“And there are many other cases,” said Carhaix. “Of their own accord the bells chimed when Saint Sigisbert chanted the De Profundis over the corpse of the martyr Placidus, and when the body of Saint Ennemond, Bishop of Lyons, was thrown by his murderers into a boat without oars or sails, the bells rang out, though nobody set them in motion, as the boat passed down the Saone.”
“Do you know what I think?” asked Des Hermies, looking at Carhaix. “I think you ought to prepare a compendium of hagiography or a really informative work on heraldry.”
“What makes you think that?”
“Well, you are, thank God, remote from this epoch and fond of things which it knows nothing about or execrates, and a work of that kind would take you still further away. My good friend, you are the man forever unintelligible to the coming generations. To ring bells because you love them, to give yourself over to the abandoned study of feudal art or monasticism would make you complete—take you clear out of Paris, out of the world, back into the Middle Ages.”
“Alas,” said Carhaix, “I am only a poor ignorant man. But the type you speak of does exist. In Switzerland, I believe, a bell-ringer has for years been collecting material for a heraldic memorial. I should think,” he continued, laughing, “that his avocation would interfere with his vocation.”
“And do you think,” said Gevingey bitterly, “that the profession of astrologer is less decried, less neglected?”
“How do you like our cider?” asked the bell-ringer’s wife. “Do you find it a bit raw?”
“No, it’s tart if you sip it, but sweet if you take a good mouthful,” answered Durtal.
“Wife, serve the potatoes. Don’t wait for me. I delayed so long getting my business done that it’s time for the angelus. Don’t bother about me. Go on eating. I shall catch up with you when I get back.”

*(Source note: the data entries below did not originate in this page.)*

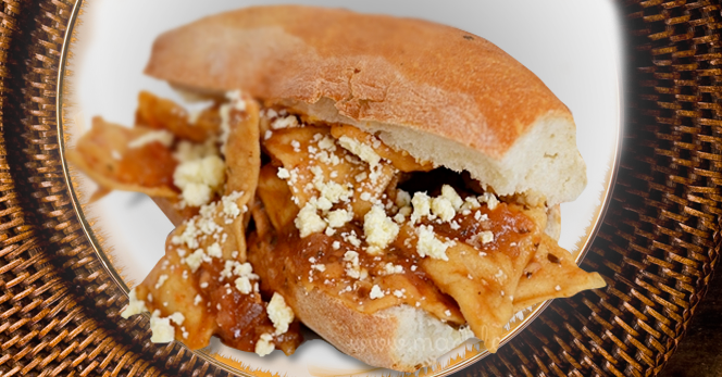 Rica torta de chilaquiles con una base de frijoles, chilaquiles, crema y queso.
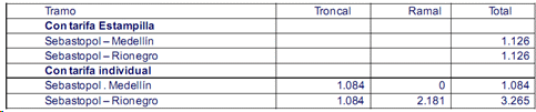 Teniendo en cuenta los datos reportados por TRANSMETANO, en caso de estampillarse el proyecto en cuestión, esto es, al repartirse el costo del proyecto entre los usuarios del Valle de Aburrá y los del Oriente Antioqueño, la tarifa aplicable a los usuarios del Oriente Antioqueño resultaría inferior a la que se obtendría con un cargo independiente; en contraste, para el caso de los usuarios del Valle de Aburrá, la tarifa aplicable sería superior a la vigente. Si esto sobreviene, simplemente significa que se traslada el costo del nuevo ramal a los usuarios del Valle de Aburrá.
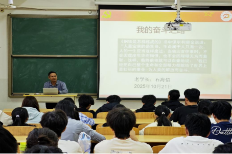 为使2025级新生深切感悟学院精神,科学规划大学生涯,10月21日下午,我院于12-504教室举行“我与学校共成长”新生主题讲座。学院德高望重的老院长石海信教授应邀重返讲台,为全体新生带来了一场内容丰富、启迪深刻的分享。讲座现场座无虚席,气氛热烈。
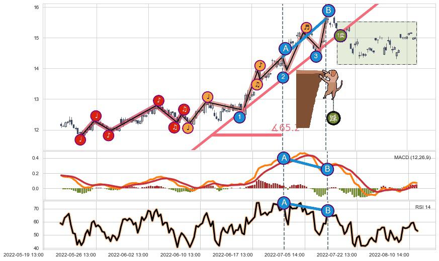 从2022-07-26 13:00至2022-08-12 14:00,共包含26个小时,阶段股价上涨3.91%,阶段股价变动位移路程比: 1 : 5
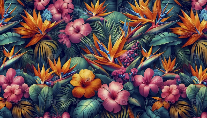 Яркий тропический экзотический цветочный бесшовный образец, Ai generated image
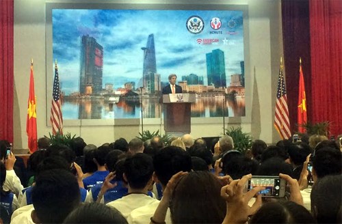 Ngoại trưởng Hoa Kỳ Ke-ri nói chuyện với sinh viên Việt Nam
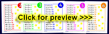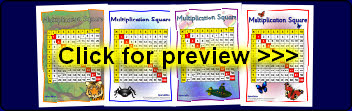 Print out and laminate these colourful multiplication square sheets for use as table-top references.
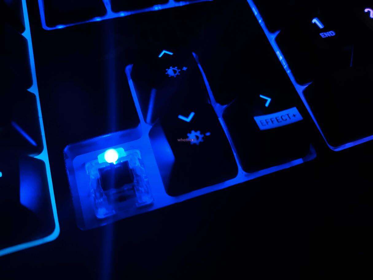 Dodatkowo możecie regulować je za sprawą strzałek pod kątem szybkości efektu i jasności diod na pięciu poziomach z czego jeden oznacza po prostu wyłączenie podświetlenia. Nie zabrakło możliwości ustawienia swojego trybu pod “trzecim profilem”, ale wyłącznie w ramach sześciu stref i ośmiu podstawowych kolorów. Całość dopełnia zestaw multimedialnych funkcji ukrytych pod klawiszami F1-F12.
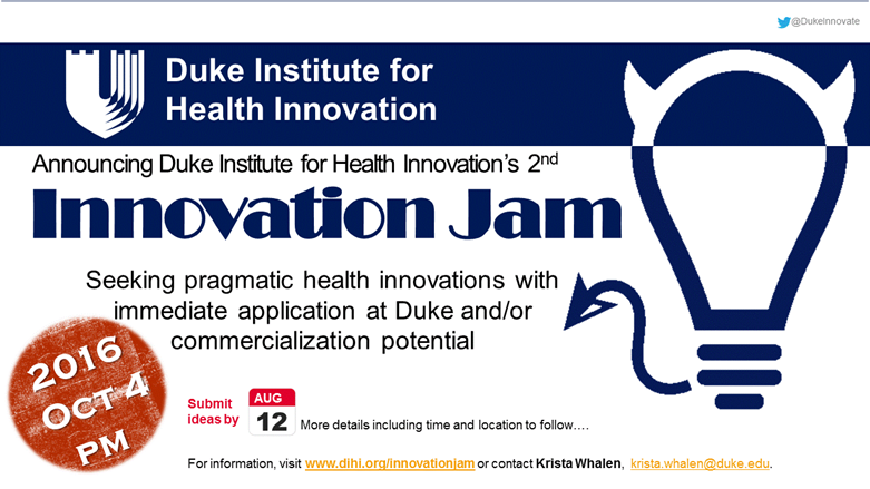 Don't forget: Duke Institute for Health Innovation will hold its second Innovation Jam on Oct. 4, 2016.
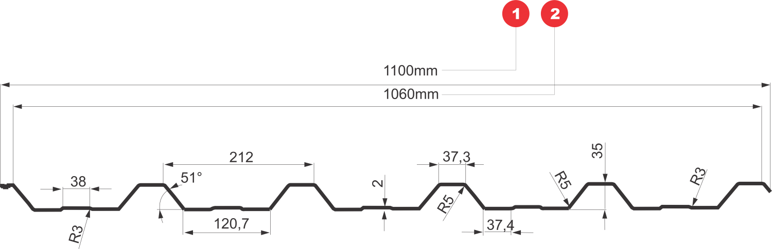 - tabla cutată BILKA T35 este produsă cu o grosime nominală între 0,4 – 1,0 mm, în funcție de cerințele construcției

And as her husband lighted his lantern and left the room the woman brought in on a plate what looked to be a cake covered with golden brown caramel icing.
“Mashed potatoes, I thought you said!”
“Au gratin. Browned in the oven. Taste it. I put in everything that ought to make it very good.”
All exclaimed over it.
Then it became impossible to hear oneself. Tonight the bell boomed out with unusual clarity and power. Durtal tried to analyze the sound which seemed to rock the room. There was a sort of flux and reflux of sound. First, the formidable shock of the clapper against the vase, then a sort of crushing and scattering of the sounds as if ground fine with the pestle, then a rounding of the reverberation; then the recoil of the clapper, adding, in the bronze mortar, other sonorous vibrations which it ground up and cast out and dispersed through the sounding shutters.
Then the bell strokes came further apart. Now there was only the whirring as of a spinning wheel; a few crumbs were slow about falling. And now Carhaix returned.